What to produce:
What is needed is an exact reproduction of the lines in the records below, starting at the line with "Łóżko Cross zachwyci" and ending at the line with "A couple of", both included, and nothing else; pictures stay out.

Given records:
——————

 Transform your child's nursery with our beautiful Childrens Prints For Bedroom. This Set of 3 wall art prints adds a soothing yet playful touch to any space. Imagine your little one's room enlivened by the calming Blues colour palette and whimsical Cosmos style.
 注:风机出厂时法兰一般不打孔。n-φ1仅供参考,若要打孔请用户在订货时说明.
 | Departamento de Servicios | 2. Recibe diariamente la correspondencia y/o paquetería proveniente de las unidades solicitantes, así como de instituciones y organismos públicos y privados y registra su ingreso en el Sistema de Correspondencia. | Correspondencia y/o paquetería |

——————

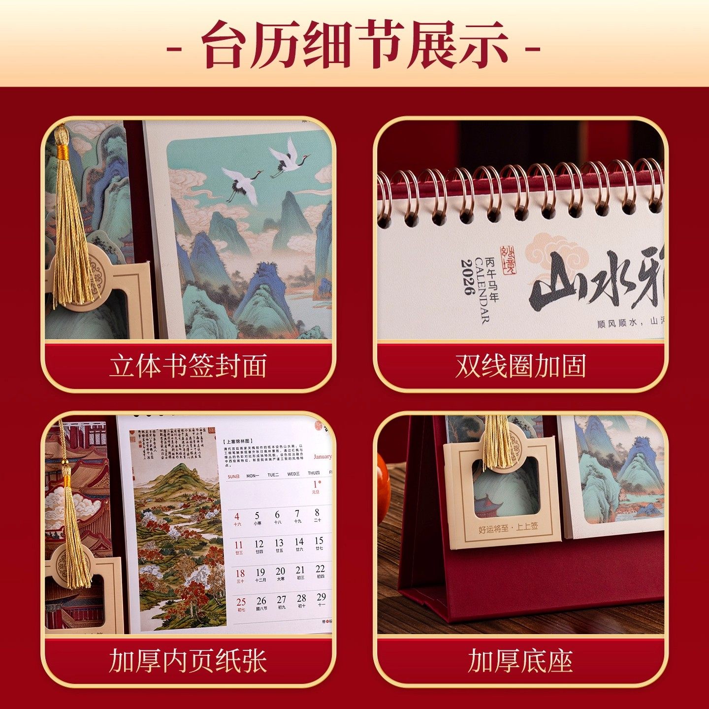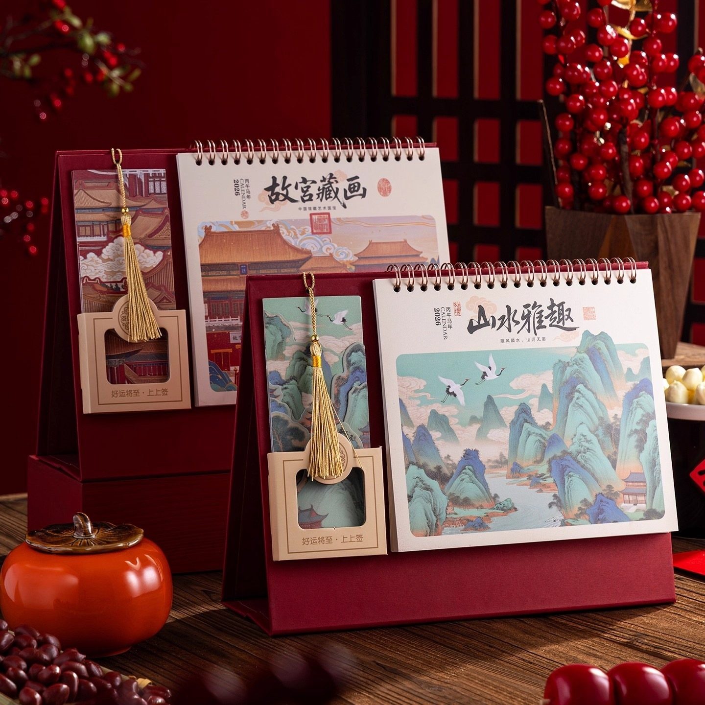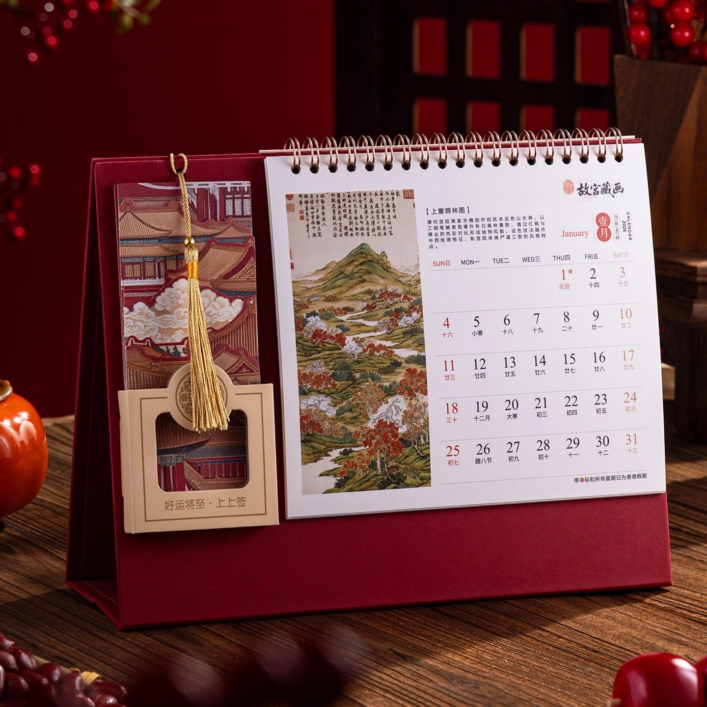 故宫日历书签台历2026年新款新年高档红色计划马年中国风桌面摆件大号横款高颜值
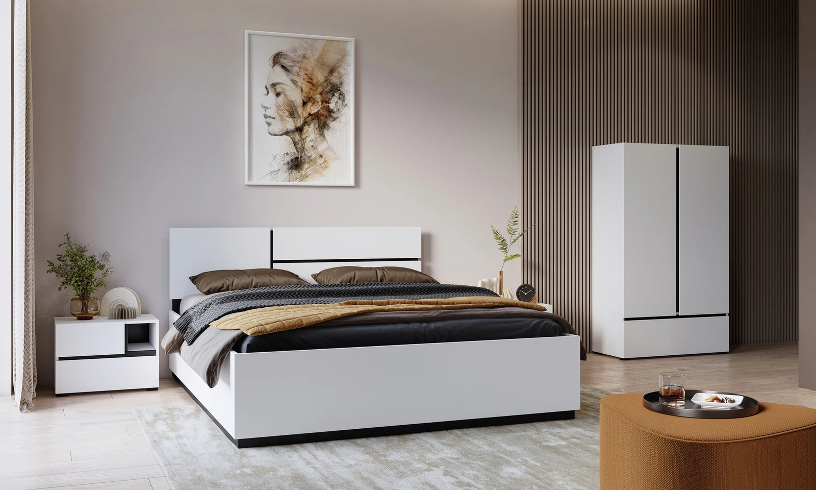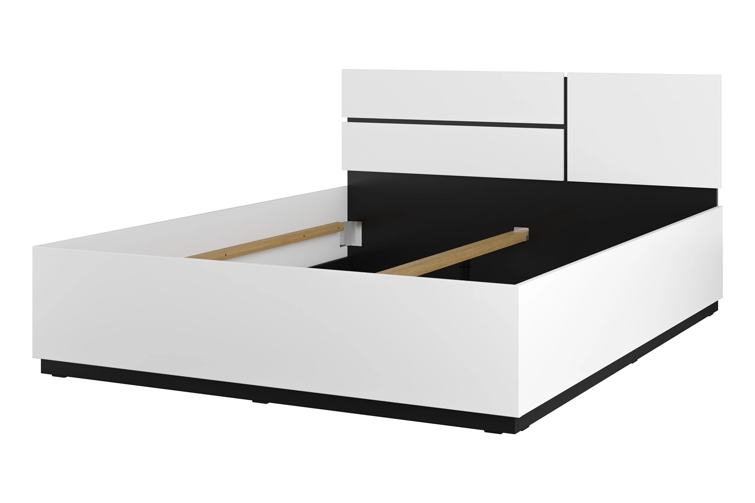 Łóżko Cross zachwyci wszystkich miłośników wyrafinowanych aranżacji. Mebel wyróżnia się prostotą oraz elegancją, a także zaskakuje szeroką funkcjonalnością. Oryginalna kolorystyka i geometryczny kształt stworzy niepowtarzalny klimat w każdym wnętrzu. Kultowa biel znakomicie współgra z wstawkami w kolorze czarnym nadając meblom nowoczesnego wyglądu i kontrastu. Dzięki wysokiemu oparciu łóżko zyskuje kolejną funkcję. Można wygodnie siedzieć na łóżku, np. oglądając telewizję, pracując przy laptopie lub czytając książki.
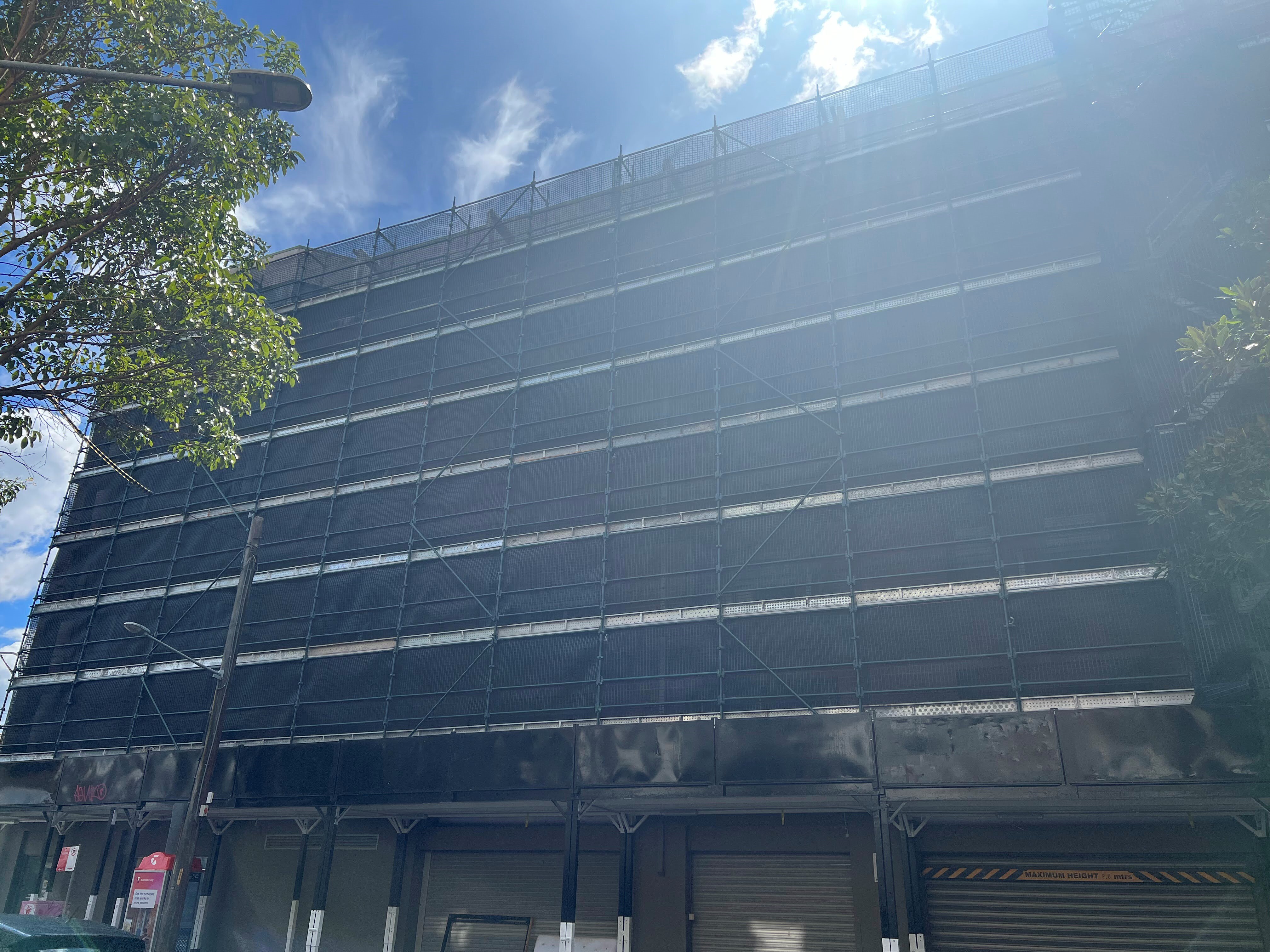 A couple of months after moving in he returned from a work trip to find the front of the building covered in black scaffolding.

——————

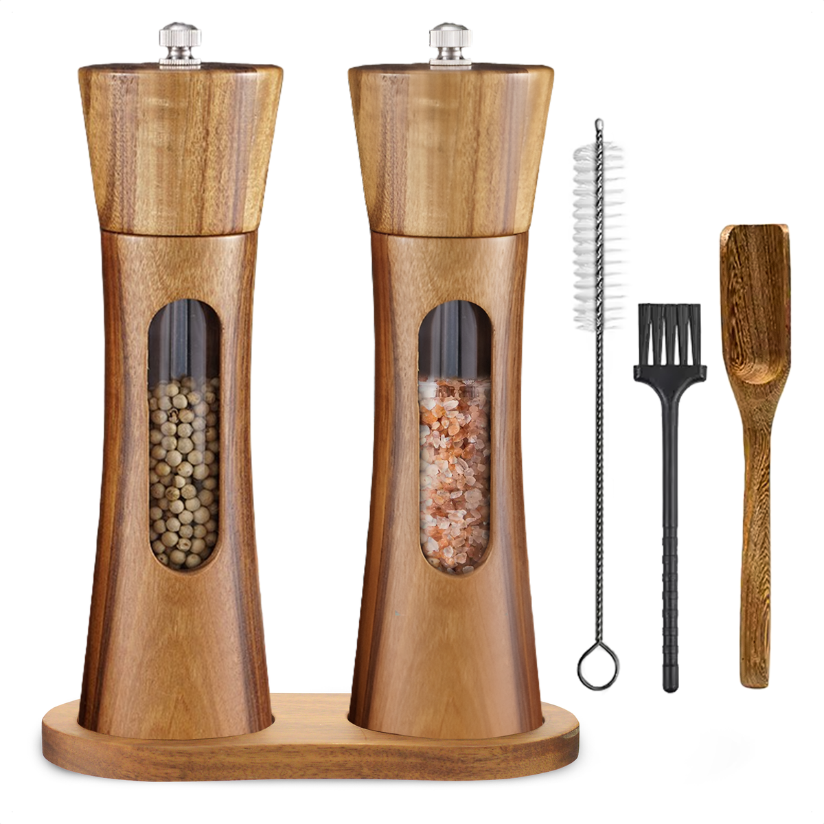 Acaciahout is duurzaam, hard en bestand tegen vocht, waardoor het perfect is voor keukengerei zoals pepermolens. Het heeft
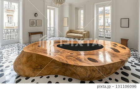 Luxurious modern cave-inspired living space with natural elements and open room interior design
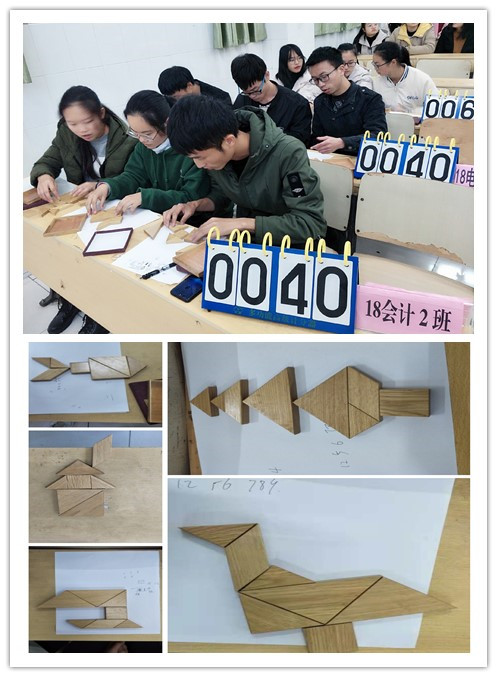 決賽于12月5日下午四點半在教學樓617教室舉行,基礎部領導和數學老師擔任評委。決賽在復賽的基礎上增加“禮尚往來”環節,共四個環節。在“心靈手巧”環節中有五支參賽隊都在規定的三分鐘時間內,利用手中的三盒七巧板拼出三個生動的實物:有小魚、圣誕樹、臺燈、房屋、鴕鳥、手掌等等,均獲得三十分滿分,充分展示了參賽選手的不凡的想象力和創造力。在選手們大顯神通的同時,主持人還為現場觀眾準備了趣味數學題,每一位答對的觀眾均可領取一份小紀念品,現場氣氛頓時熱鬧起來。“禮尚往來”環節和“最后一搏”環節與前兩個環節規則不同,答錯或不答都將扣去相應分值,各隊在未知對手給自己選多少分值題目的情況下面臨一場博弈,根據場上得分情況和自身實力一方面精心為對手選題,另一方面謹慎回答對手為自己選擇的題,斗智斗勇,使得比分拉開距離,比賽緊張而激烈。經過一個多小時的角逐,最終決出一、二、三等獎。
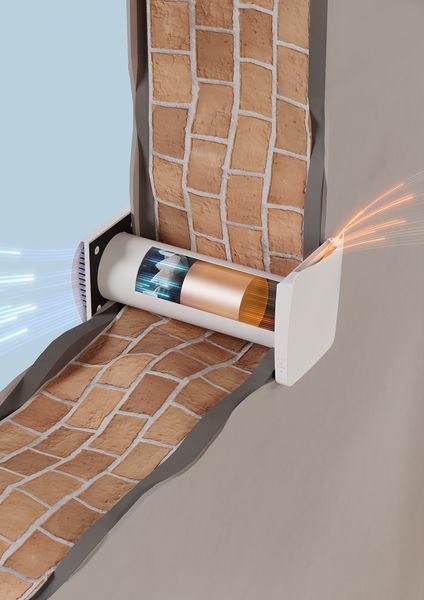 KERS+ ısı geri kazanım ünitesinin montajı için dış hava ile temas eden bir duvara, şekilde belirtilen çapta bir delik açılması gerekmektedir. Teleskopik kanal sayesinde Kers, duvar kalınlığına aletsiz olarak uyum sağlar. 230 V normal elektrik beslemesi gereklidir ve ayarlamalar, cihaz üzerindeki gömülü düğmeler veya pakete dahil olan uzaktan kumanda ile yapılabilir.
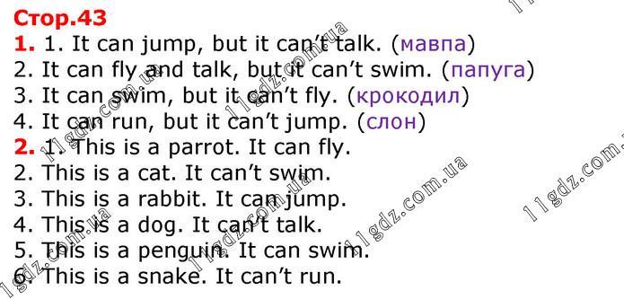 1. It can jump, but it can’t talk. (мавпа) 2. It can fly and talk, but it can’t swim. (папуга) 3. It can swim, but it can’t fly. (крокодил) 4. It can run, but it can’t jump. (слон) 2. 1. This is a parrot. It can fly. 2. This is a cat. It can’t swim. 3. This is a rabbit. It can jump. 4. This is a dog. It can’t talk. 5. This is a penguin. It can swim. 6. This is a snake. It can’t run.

——————

Output of the exercise:
 Łóżko Cross zachwyci wszystkich miłośników wyrafinowanych aranżacji. Mebel wyróżnia się prostotą oraz elegancją, a także zaskakuje szeroką funkcjonalnością. Oryginalna kolorystyka i geometryczny kształt stworzy niepowtarzalny klimat w każdym wnętrzu. Kultowa biel znakomicie współgra z wstawkami w kolorze czarnym nadając meblom nowoczesnego wyglądu i kontrastu. Dzięki wysokiemu oparciu łóżko zyskuje kolejną funkcję. Można wygodnie siedzieć na łóżku, np. oglądając telewizję, pracując przy laptopie lub czytając książki.
 A couple of months after moving in he returned from a work trip to find the front of the building covered in black scaffolding.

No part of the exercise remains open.